Raising capital in this day and age has drastically changed from 10+ years ago. Traditional lenders have stricter requirements for business owners and alternative lenders with less strict requirements have popped up all over the place. There are a variety of different financing options available to business owner seeking to raise capital through these lenders. Therefore it would be wise to know what they expect of you before you approach them for financing. Properly preparing yourself to get approved before approaching a lender will increase your chances of getting approved. Here are 3 ways you can prepare yourself to raise capital in the new economy:
- Build a good personal credit history – A good personal credit history will give you many options when attempting to raise capital. Most traditional banks and lenders will check your personal credit history to determine if you’re a reliable borrower. It’s especially important to have good personal credit history when starting a new business and raising capital from traditional banks. This is because they will focus mainly on your personal credit history to approve or deny you for a startup business loan. They focus mainly on your personal creditability as a startup business owner because your business is most likely not generating revenue and has no credit history of its own.
- Develop a business plan that makes sense – Depending on what type of financing you are applying for, you may have to submit a business plan along with the loan application. This is especially true for SBA loans such as the microloan program. Microloan lenders typically require applicants to submit a business plan along with 3 years of financial projections with their loan application. Even if you don’t need a business plan to apply for a small business loan, it’s still a pretty good idea to write one. I suggest developing a business plan that can be used a guide for operating (and growing) your business.

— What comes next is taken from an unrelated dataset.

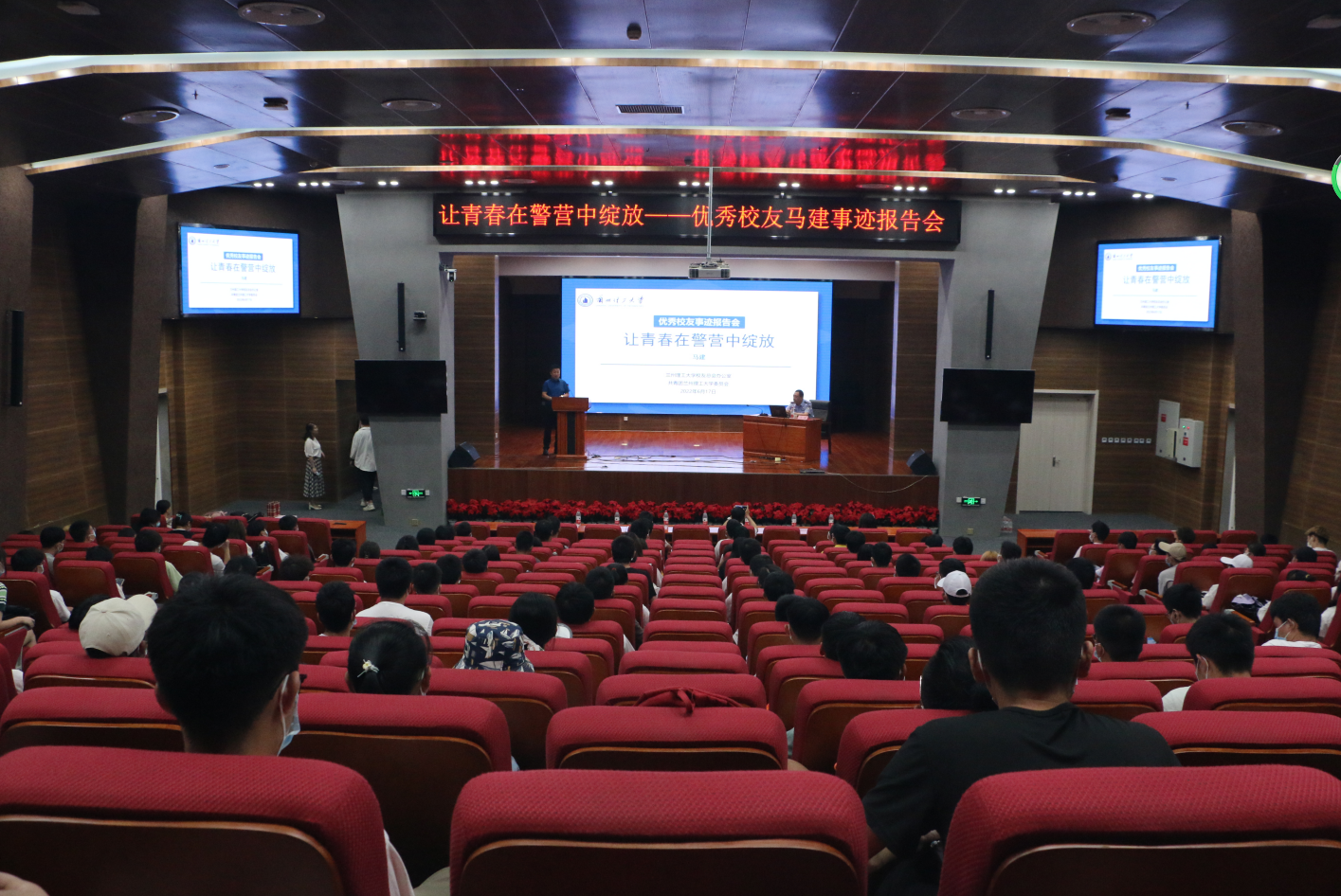 报告会上,马建以“让青春在警营中绽放”为主题,从自身学习与工作经历出发,生动讲述了从一个普通的大学生,成长为一名光荣的人民警察的故事。他用从警18年间经历的一个个真实的案件讲述了,在遇到危险时,他始终怀着战胜邪恶势力的大无畏勇气,冲锋在前、勇于亮剑,机智勇敢、从不退缩;面对生命安全受到威胁的群众,他挺身而出,义无反顾,让同学们看到了一名人民警察的责任与担当。

- Invest your own funds into the business – According to a recent article by Benjamin Ryan over at the Gallup Business Journal, small start ups thrive when the owners are able to invest their personal savings into the business. When owners lack significant personal savings, the number of new business start ups begin to decline. Investing your own funds into your business could help propel your business into the stratosphere pretty quickly. It could also help increase your chances of being able to get approved for a small business loan. Some lenders may require you to invest a percentage of an approved loan amount in your business before they disperse the funds to you.